When Indexing Happens And How To Reindex Manually

Content indexing happens automatically if:

  • The object is modified by the user using the standard edit forms
  • portal_catalog rebuild is run (from Advanced tab)

You must call reindexObject() manually if you:

  • Directly call object field mutators
  • Otherwise directly change any object data

reindexObject() method takes the optional argument idxs which will list the changed indexes. If idxs is not given, all related indexes are updated even though they were not changed.

Example:

obj.setTitle('Foobar')
# update only the index associated with this change
obj.reindexObject(idxs=['Title'])

If you add a new index you need to run Rebuild catalog to get the existing values from content objects into the new index.

Also, if you modify security related parameters (permissions), you need to call reindexObjectSecurity().

Check the thread Best practices on reindexing the catalog for more tips on how to reduce memory consumption and speed up the process.

Warning

Unit test warning: Usually Plone reindexes modified objects at the end of each request (each transaction). If you modify the object yourself you are responsible to notify related catalogs about the new object data.

Index Types

Zope 2 product PluginIndexes defines various portal_catalog index types used by Plone.

  • FieldIndex stores values as is
  • DateIndex and DateRangeIndex store dates (Zope 2 DateTime objects) in searchable format. The latter provides ranged searches.
  • KeywordIndex allows keyword-style look-ups (query term is matched against all the values of a stored list)
  • ZCTextIndex is used for full text indexing
  • ExtendedPathIndex is used for indexing content object locations.

Default Plone Indexes And Metadata Columns

Some interesting indexes

  • start and end: Calendar event timestamps, used to make up calendar portlet
  • sortable_title: Title provided for sorting
  • portal_type: Content type as it appears in portal_types
  • Type: Translated, human readable, type of the content
  • path: Where the object is (getPhysicalPath accessor method).
  • object_provides: What interfaces and marker interfaces object has. KeywordIndex of interface full names.
  • is_default_page: is_default_page is method in CMFPlone/CatalogTool.py handled by plone.indexer, so there is nothing like object.is_default_page and this method calls ptool.isDefaultPage(obj)

Some interesting columns

  • getRemoteURL: Where to go when the object is clicked

  • getIcon: This might be confusing:

    Since Plone 5.0.2 - getIcon is a boolean value which is set to ``True``, when the item is an image ore has an image property (named image) e.g.: lead image or teaser image). The value of getIcon is used for showing preview images (thumbs) in lists, tables, content view, portlets, etc.).

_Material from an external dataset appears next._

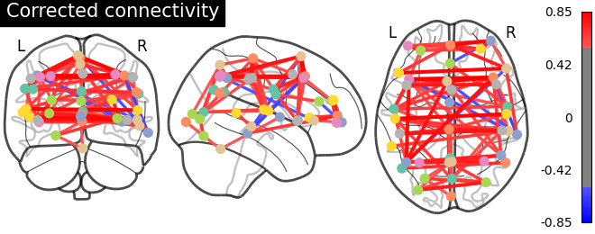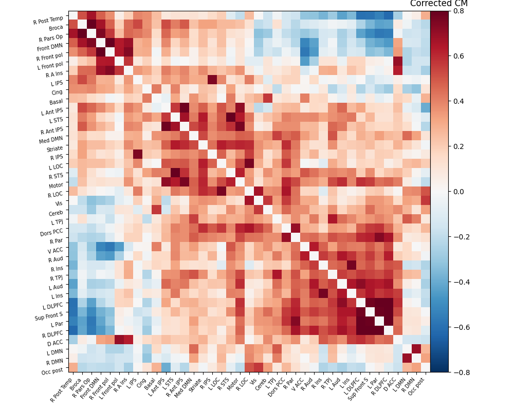 The connectivity matrix represents the strength of functional connections between different regions of the brain. To quantify these connections, a Pearson correlation is calculated between the time series of different regions in the matrix. The resulting correlation values are encoded using a color bar to visualize the connectivity patterns. Finally, the process of brain masking and retrieving connectivity data was accomplished for a single subject using the nilearn library[7].

    Content type icons (aka portaltype-icons) ( e.g.: for folder, document, news item etc.) are now rendered as fontello fonts since Plone 5.0. Mime type icons are read from the mime type registry for all file content types instead a fontello font (since Plone 5.1)

  • exclude_from_nav: If True the object won’t appear in sitemap, navigation tree

  • mime_type: Since Plone 5.1: Mime type information for content items where applicable (file, image, custom types,…) e.g.: text/plain, image/jpeg, application/pdf

Custom Sorting By Title

sortable_title is type of FieldIndex (raw value) and normal Title index is type of searchable text.

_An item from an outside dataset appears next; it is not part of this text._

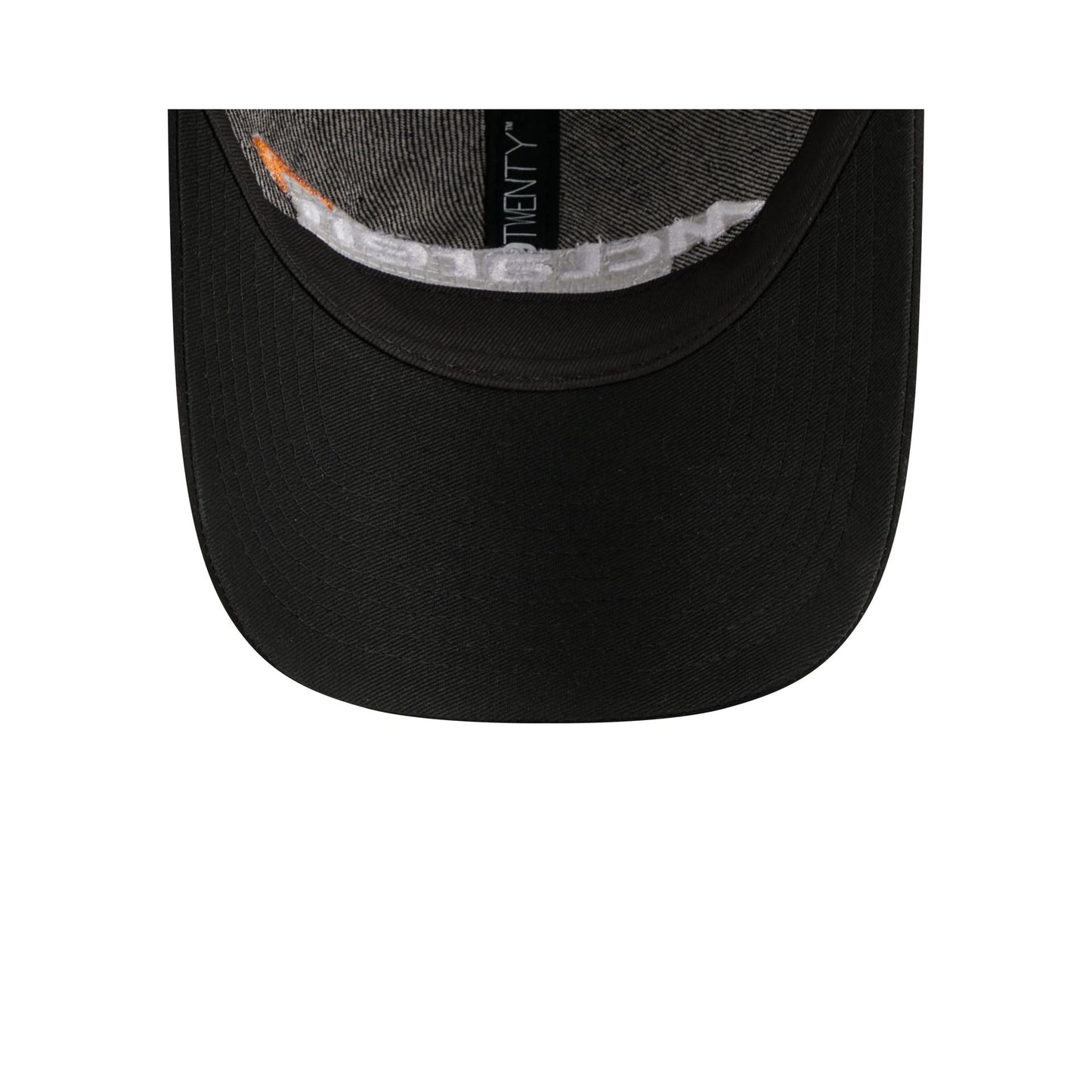 The McLaren Formula 1 Team Black Denim 9TWENTY Adjustable Cap features an embroidered McLaren Racing wordmark at the front panels with an orange checkered print adjustable D-Ring closure at the rear and a black undervisor.

sortable_title is generated from Title in Products/CMFPlone/CatalogTool.py.

You can override sortable_title by providing an indexer adapter with a specific interface of your content type.

Example indexes.py:

from plone.indexer import indexer

from xxx.researcher.interfaces import IResearcher

@indexer(IResearcher)
def sortable_title(obj):
    """
    Provide custom sorting title.

    This is used by various folder functions of Plone.
    This can differ from actual Title.
    """

    # Remember to handle None value if the object has not been edited yet
    first_name = obj.getFirst_name() or ""
    last_name = obj.getLast_name() or ""

    return last_name + " " + first_name

Related configure.zcml

<adapter factory=".indexes.sortable_title" name="sortable_title" />

Full-text Searching

Plone provides special index called SearchableText which is used on the site full-text search.

Your content types can override SearchableText index with custom method to populate this index with the text they want to go into full-text searching.

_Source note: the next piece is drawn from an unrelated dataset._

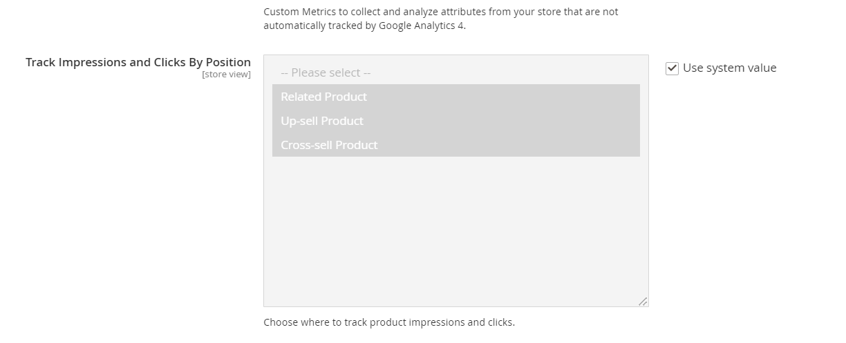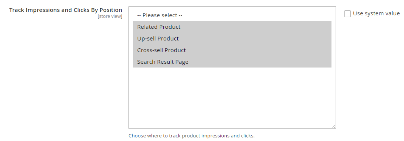 - Track Impression and Click By Positions: Choose where to track product impressions and clicks, including Related Product, Up-sell Product and Cross-sell Product

Below is an example of having SearchableText on a custom Archetypes content class. This class has some methods which are not part of AT schema and thus must be manually added to SearchableText

def SearchableText(self):
    """
    Override searchable text logic based on the requirements.

    This method constructs a text blob which contains all full-text
    searchable text for this content item.

    This method is called by portal_catalog to populate its SearchableText index.
    """

    # Test this by enable pdb here and run catalog rebuild in the Management Interface
    # xxx

    # Speed up string concatenation ops by using a buffer
    entries = []

    # plain text fields we index from ourself,
    # a list of accessor methods of the class
    plain_text_fields = ("Title", "Description")

    # HTML fields we index from ourself
    # a list of accessor methods of the class
    html_fields = ("getSummary", "getBiography")


    def read(accessor):
        """
        Call a class accessor method to give a value for certain Archetypes field.
        """
        try:
            value = accessor()
        except:
            value = ""

        if value is None:
            value = ""

        return value


    # Concatenate plain text fields as is
    for f in plain_text_fields:
        accessor = getattr(self, f)
        value = read(accessor)
        entries.append(value)

    transforms = getToolByName(self, 'portal_transforms')

    # Run HTML valued fields through text/plain conversion
    for f in html_fields:
        accessor = getattr(self, f)
        value = read(accessor)

        if value != "":
            stream = transforms.convertTo('text/plain', value, mimetype='text/html')
            value = stream.getData()

        entries.append(value)

    # Plone accessor methods assume utf-8
    def convertToUTF8(text):
        if type(text) == unicode:
            return text.encode("utf-8")
        return text

    entries = [ convertToUTF8(entry) for entry in entries ]

    # Concatenate all strings to one text blob
    return " ".join(entries)